PROVIDED MATERIAL:
******************************
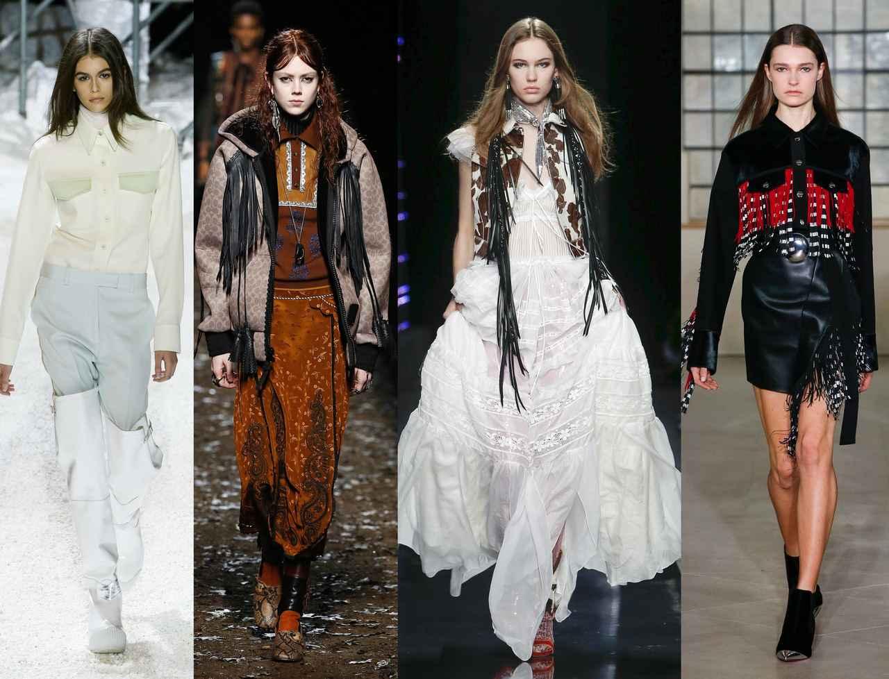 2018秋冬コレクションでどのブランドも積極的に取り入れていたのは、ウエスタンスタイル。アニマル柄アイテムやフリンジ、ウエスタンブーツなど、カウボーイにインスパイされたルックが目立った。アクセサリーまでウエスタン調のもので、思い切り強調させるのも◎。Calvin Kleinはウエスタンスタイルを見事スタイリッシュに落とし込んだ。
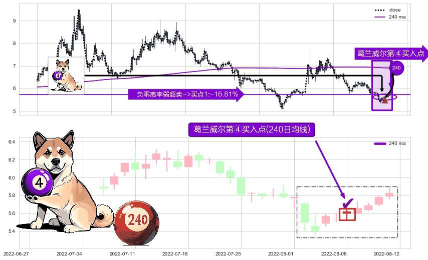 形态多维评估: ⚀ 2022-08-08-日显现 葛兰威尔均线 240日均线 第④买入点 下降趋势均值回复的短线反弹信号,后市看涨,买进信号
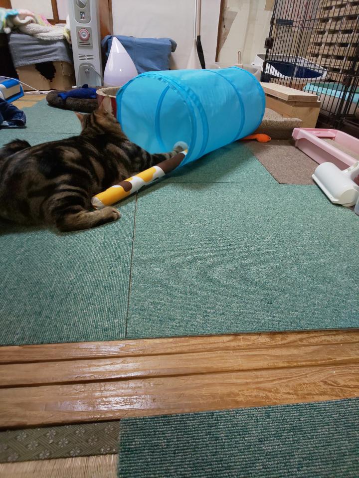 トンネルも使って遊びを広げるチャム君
******************************
TASK DETAILS: Copy out the whole listing word for word, except for any picture it includes.

RESPONSE BOX:
 2018秋冬コレクションでどのブランドも積極的に取り入れていたのは、ウエスタンスタイル。アニマル柄アイテムやフリンジ、ウエスタンブーツなど、カウボーイにインスパイされたルックが目立った。アクセサリーまでウエスタン調のもので、思い切り強調させるのも◎。Calvin Kleinはウエスタンスタイルを見事スタイリッシュに落とし込んだ。
 形态多维评估: ⚀ 2022-08-08-日显现 葛兰威尔均线 240日均线 第④买入点 下降趋势均值回复的短线反弹信号,后市看涨,买进信号
 トンネルも使って遊びを広げるチャム君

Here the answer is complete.